Give back exactly the lines from the one containing "ヘッドカバー塗装 後編 (ネジ山修正 リコイルキット使用) 作業日 2005.7.5" through the end of the records, including both, and no others.

═══ Material provided ═══

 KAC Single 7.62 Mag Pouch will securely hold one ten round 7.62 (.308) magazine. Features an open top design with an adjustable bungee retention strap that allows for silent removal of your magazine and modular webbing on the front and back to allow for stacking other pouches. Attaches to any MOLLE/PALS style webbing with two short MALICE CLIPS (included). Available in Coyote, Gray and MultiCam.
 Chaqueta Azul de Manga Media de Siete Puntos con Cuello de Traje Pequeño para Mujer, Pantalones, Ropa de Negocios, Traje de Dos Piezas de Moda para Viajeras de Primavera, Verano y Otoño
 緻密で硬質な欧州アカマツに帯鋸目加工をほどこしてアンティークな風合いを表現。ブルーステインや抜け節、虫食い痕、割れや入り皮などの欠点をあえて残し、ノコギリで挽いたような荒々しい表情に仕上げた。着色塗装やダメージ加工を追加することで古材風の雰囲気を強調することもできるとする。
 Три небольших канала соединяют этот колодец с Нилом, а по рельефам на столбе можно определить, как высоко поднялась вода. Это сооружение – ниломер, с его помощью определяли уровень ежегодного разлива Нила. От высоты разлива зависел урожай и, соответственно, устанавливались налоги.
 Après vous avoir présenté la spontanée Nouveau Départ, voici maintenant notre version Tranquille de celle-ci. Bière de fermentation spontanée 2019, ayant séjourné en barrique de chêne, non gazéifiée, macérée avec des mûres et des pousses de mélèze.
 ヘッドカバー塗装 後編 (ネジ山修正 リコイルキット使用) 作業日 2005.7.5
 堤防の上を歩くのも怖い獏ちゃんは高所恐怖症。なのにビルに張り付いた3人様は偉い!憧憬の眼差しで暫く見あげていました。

═══

• [Solution for this exercise]
 ヘッドカバー塗装 後編 (ネジ山修正 リコイルキット使用) 作業日 2005.7.5
 堤防の上を歩くのも怖い獏ちゃんは高所恐怖症。なのにビルに張り付いた3人様は偉い!憧憬の眼差しで暫く見あげていました。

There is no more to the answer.